LAERTES: Uma sentença na loucura: a lembrança e o pensamento harmonizados!
OFÉLIA: Para vós, funcho e aquiléia; arruda para vós, e um pouco para mim, também. Poderemos
chamar-lhe erva da graça dos domingos, mas a vossa deverá ser usada de outro jeito. Aqui está
margarida. Quisera dar-vos algumas violetas, mas murcharam todas, quando meu pai morreu.
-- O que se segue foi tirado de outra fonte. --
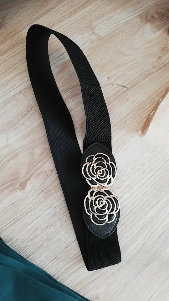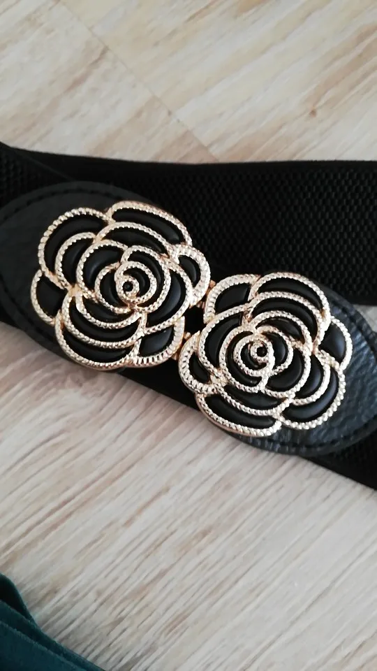Женский широкий пояс, эластичный пояс с пряжкой, винтажный металлический цветок

Dizem que
ele teve um fim muito bonito.
(Canta.)
Era a minha alegria o bom Robim!
LAERTES: À tristeza, à paixão, ao próprio inferno, a tudo ela dá graça e empresta encanto.
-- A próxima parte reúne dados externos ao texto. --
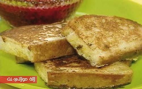 سخني الزبدة في مقلاة ثم مرري شرائح الخبز حتى يصير لونها ذهبيا من الجانبين.

OFÉLIA (canta): Nunca mais o veremos? Não mais retornará? Sumiu deste mundo; baixai para o fundo,
que ele não voltará.
Barba branca de neve,
de linho a cabeleira.
Já foi, sem parar;
é inútil chorar;
que no céu Deus o queira
e a todas as almas cristãs, é o que eu rogo a Deus. Deus seja convosco!
(Sai.)
LAERTES: Vedes isto, ó Deus?
O REI: De vossa mágoa, Laertes, compartilho; é meu direito. Agora retirai-vos por uns momentos e os
mais ajuizados amigos escolhei, porque nos ouçam, para entre mim e vós serem juízes. Se achardes culpa
em nós, mediata embora, será vossa a coroa, nosso reino, a própria vida e tudo quanto é nosso, como
satisfação. No caso oposto, contentai-vos de ouvir-nos com paciência, que, a vossa alma associados,
cuidaremos de ressarcir-lhe a dor.
LAERTES: Seja. A maneira por que morreu, o enterro misterioso, sem brasão, nem espada sobre o
túmulo, a ausência do ritual e pompas fúnebres, clamam, como atroando o céu e a terra, pedindo
explicações.
O REI: Ser-vos-ão dadas. E onde houver culpa, caia a machadinha. Vinde comigo, peço-vos.